INDUSTRY COALITION STEPS FORWARD IN ERP TALKS WITH CUSTOMS

   A coalition of the largest import industry groups are moving closer to providing U.S. Customs with a plan of action to reform the country’s aging import entry process.

   At a two-day meeting this week in Washington, representatitives of the American Association of Exporters and Importers, U.S. Business Alliance for Customs Modernization, Joint Industry Group and National Customs Brokers and Forwarders Association of America issued its critique of Customs’ third version of the Entry Revision Project.

   On the issue of cargo release and entry tracks, the industry groups generally support the “four-track” system for cargo release with some minor changes in wording, such as the term “sanctioned importer” in Track 1 (live entry with payment) should be clarified as importers who are delinquent on duty payments, and importers of quota merchandise should be allowed to participate in Track 4 (release on minimal data).

   The coalition continues to support the periodic payment of duties, taxes and fees to Customs by “severing” the link between specific entries and payments.

   “The Average Daily Balance is overly complicated and cumbersome,” the coalition said. “We would strongly prefer a concept similar to the Semi-Monthly Statement option, combined with Import Activity Summary Statement, provided that certain changes are made.”

   Those changes include semi-monthly payments estimated by the importer or its broker using its own internal financial processes; interest would be owed only if the total of the two semi-monthly payments is less than the duties owed on the entries in that period; and that the already authorized Import Activity Summary Statement must be implemented. The coalition also supports the continued use of the Automated Clearinghouse system to pay duties to Customs.

   The coalition endorses a corrective period within entry summaries or Import Activity Summary Statements without incurring liability, but with less restrictive deadlines to make corrections than what Customs had proposed in ERP III. The coalition also recommended that a system for post-corrective period corrections be maintained and once entries have become final that they should still be subject to protest.

   At the meeting, the coalition requested that the next ERP meeting, scheduled for March 20-21, be set aside for the industry.

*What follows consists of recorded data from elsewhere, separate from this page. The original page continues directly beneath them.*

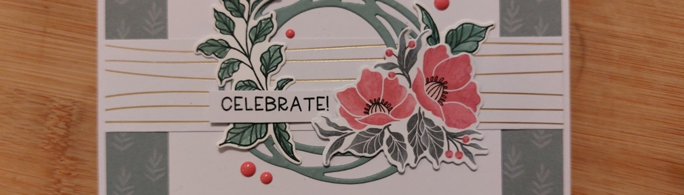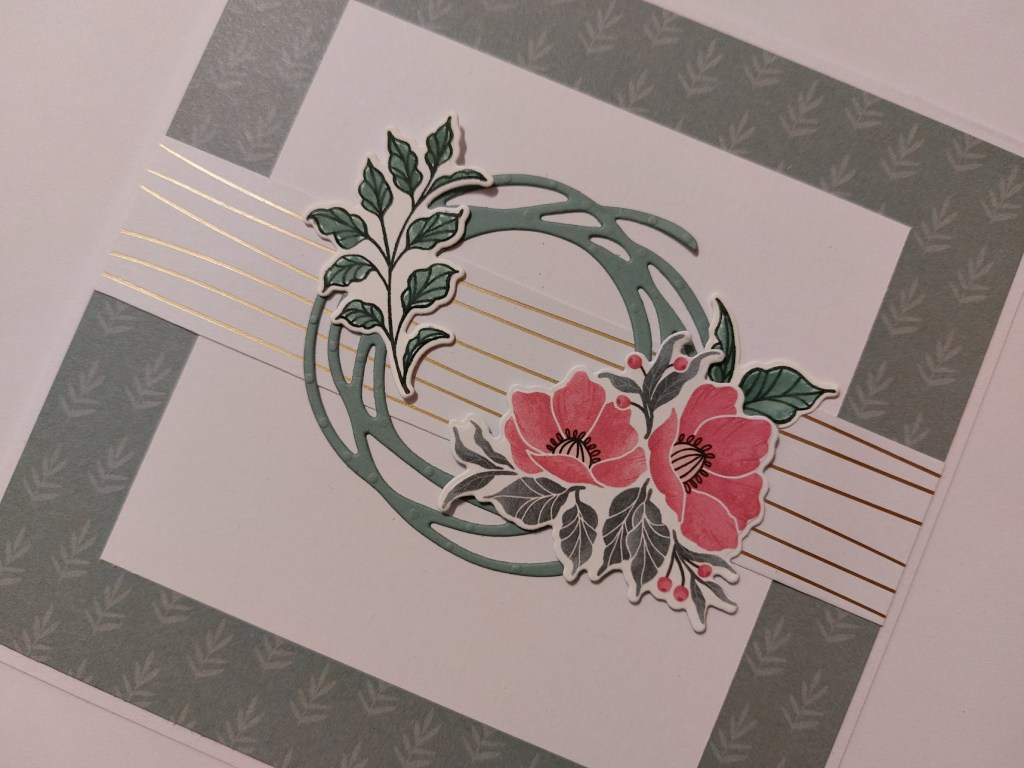 I cut the circle from the retired ‘swirly scribbles’ set in ‘soft succulent’ and glued it onto the card front. I then added a spray of flowers from the ‘fitting florets’ paper – I’d discovered that the co-ordinating dies cut this image out! I’d popped the flowers on a small scrap of card gluing to the card, which reinforced the paper and also lifted them slightly off the card, although not as high as a foam pad (great way to use up those little scrap pieces). I stamped a couple of leaves in ‘evening evergreen’, coloured them with the ink and a waterbrush and glued them behind the flowers, together with the leafy spray on the other side of the circle.
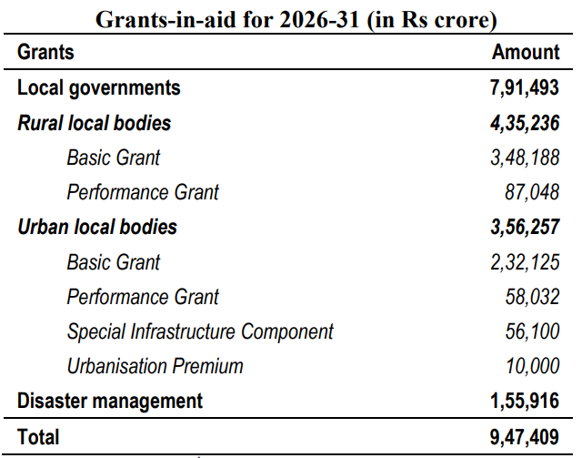 - The Commission has recommended grants worth ₹9.47 lakh crore over the five-year period. These are primarily directed towards local bodies and disaster management.
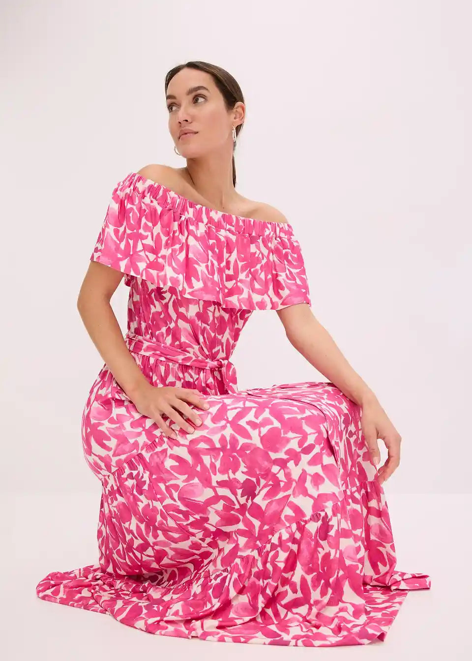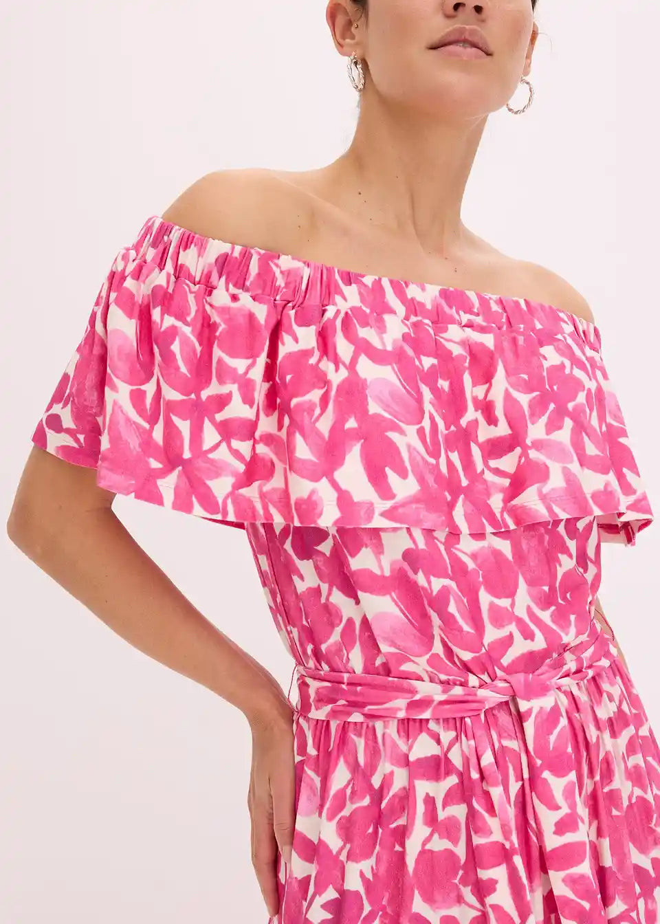 cvetlično potiskana midi obleka s Carmen izrezom in volančki
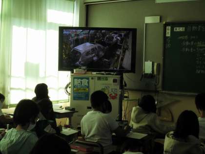 自動車の組み立て工場の様子を映像で見ました。組み立てラインの様子にみんな驚いていました。
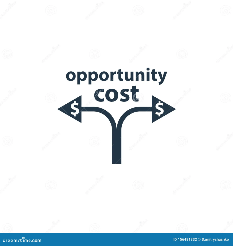This post is totally related to a concept that I am currently studying in Economics: opportunity cost. It is defined as ” the benefit that is missed or given up when an investor, individual or business chooses one alternative over another”.
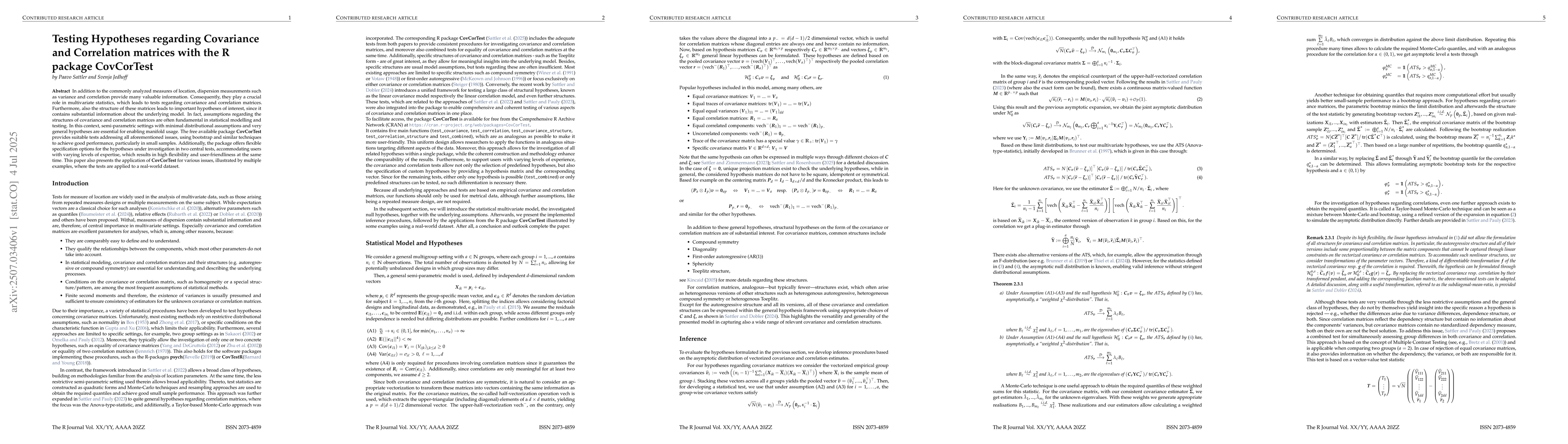 A new statistical framework was developed to handle patterns and structures in covariance and correlation matrices, which can be used to detect certain types of relationships between variables.
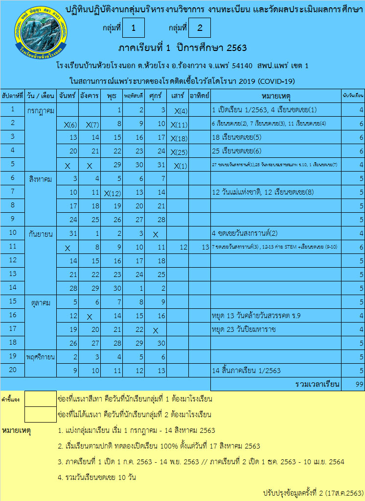 โรงเรียนบ้านห้วยโรงนอก หมู่ที่ 3 ตำบลห้วยโรง อำเภอร้องกวาง จังหวัดแพร่ 54140 สังกัดสำนักงานเขตพื้นที่การศึกษาประถมศึกษาแพร่ เขต 1 สำนักงานคณะกรรมการการศึกษาขั้นพื้นฐาน กระทรวงศึกษาธิการ |
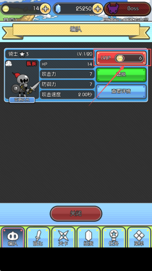 4、如何升级角色:在编队界面选中“骑士★3”,点击“LVUP”即可提升等级。
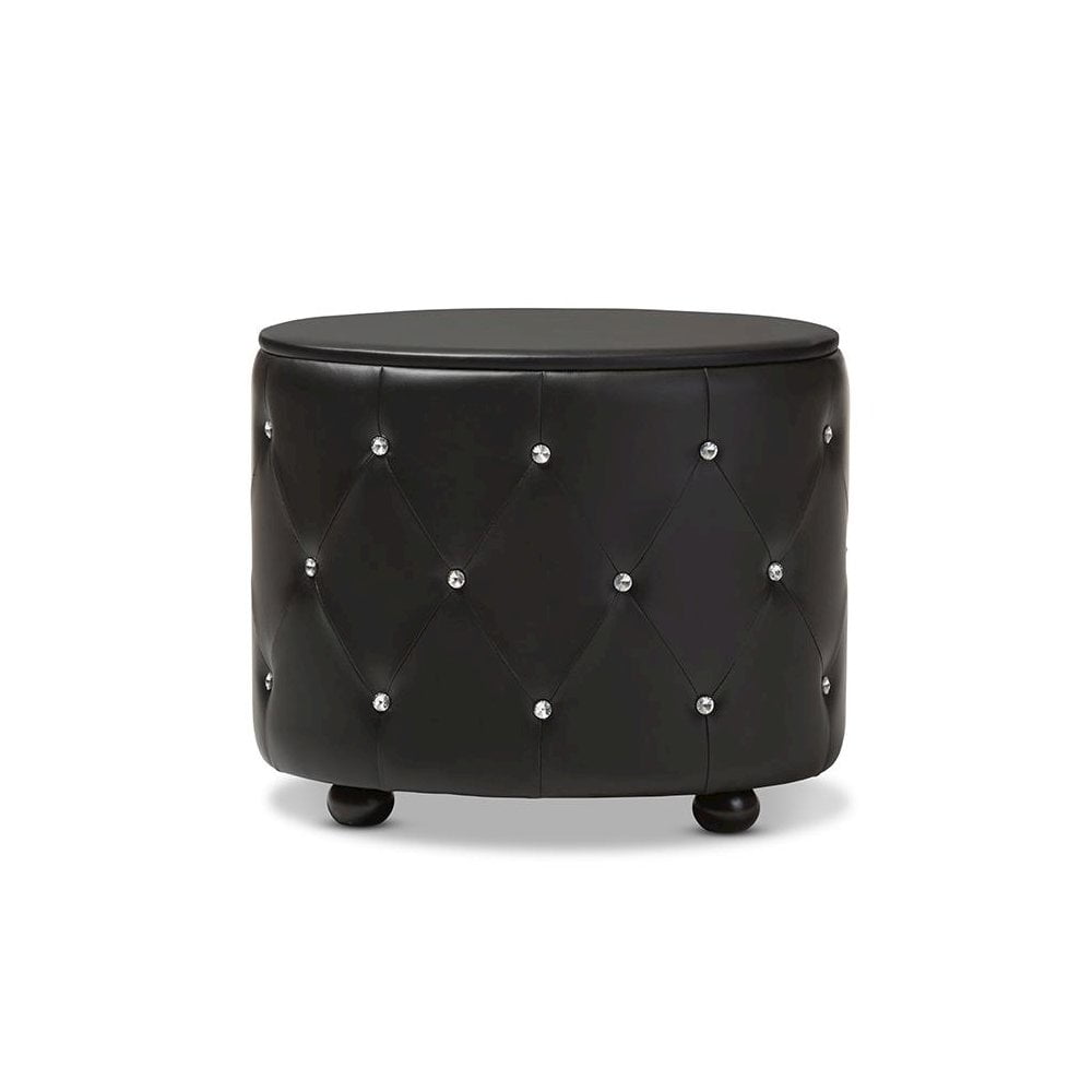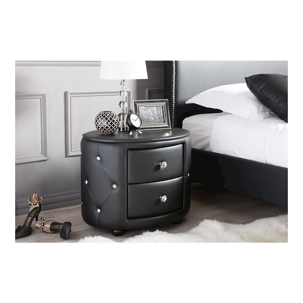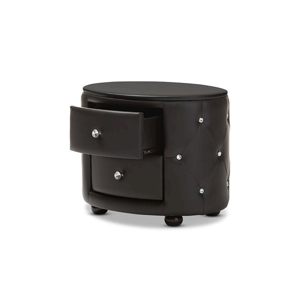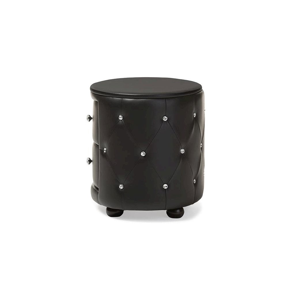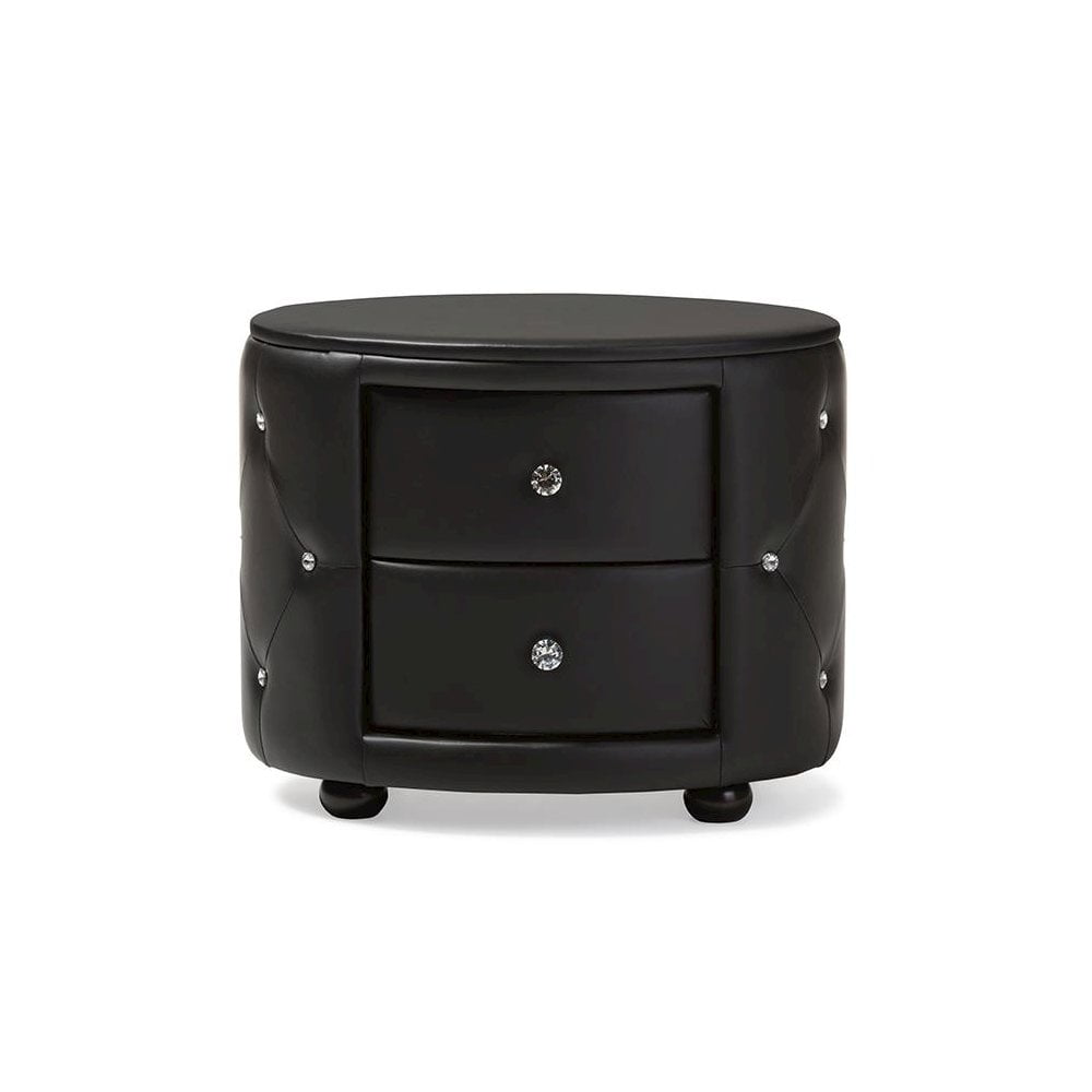 Baxton Studio Glamour Style Oval 2-drawer Black Faux Leather Upholstered Nightstand

   “The importers need to consider and understand the details of the process so that we’re all reading from the same page,” said James P. Finnegan, director of international trade and compliance for Sony Corp., and chairman of BACM. “We are seeing progress on the issues and have had very good dialogue with agency officials.”

   Customs agreed. “We’re not ramming ERP down anyone’s throat,” said John Durant, director of Customs’ Commercial Rullings Division, and principal author of the ERP proposal. “I remain optimistic that in the end we’ll find a great deal of common ground.”